|Hon. James O'Reilly|
Structural issues have been at the forefront of discussion in the United States about how to stem the tide of sexual assault cases. Refreshingly, here's a February 24, 2014 decision of the Court Martial Appeal Court of Canada where the debate falls into familiar doctrinal territory, including the admission of new evidence on appeal and the right to effective assistance of counsel. In Thibeault v. Canada, 2014 CMAC 2
, the court, per O'Reilly
, J.A., wrote:
Naturally, appellate courts are reluctant to introduce new evidence on appeal. All relevant and available evidence should normally be put before the trier of fact at trial to determine whether the Crown has met its burden of proving guilt beyond a reasonable doubt. However, there are exceptions. One is where the evidence was not tendered at trial because the accused’s defence counsel recommended against it, counsel’s advice was incompetent and, because the evidence could have raised a reasonable doubt about the accused’s guilt, the result was a miscarriage of justice.

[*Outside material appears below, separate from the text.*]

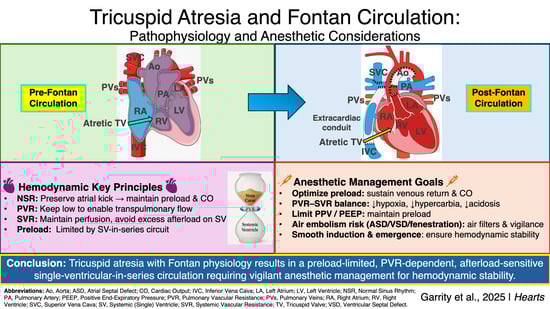 APA StyleGarrity, M., Poppers, J., Richman, D., & Bacon, J. (2025). Tricuspid Atresia and Fontan Circulation: Anatomy, Physiology, and Perioperative Considerations. Hearts, 6(4), 30. https://doi.org/10.3390/hearts6040030

The general test for the admission of fresh evidence on appeal comprises four criteria, originally set out in R v Palmer,  1 SCR 759:
1. The evidence should generally not be admitted if, by due diligence, it could have been adduced at trial provided that this general principle will not be applied as strictly in a criminal case as in civil cases;
2. The evidence must be relevant in the sense that it bears upon a decisive or potentially decisive issue in the trial;
3. The evidence must be credible in the sense that it is reasonably capable of belief, and
4. It must be such that if believed it could reasonably, when taken with the other evidence adduced at trial, be expected to have affected the result.
The court unanimously ruled that the proffered new evidence should be admitted, and allowed the appeal, set aside Sub-Lieutenant Thibeault's conviction and ordered a new trial.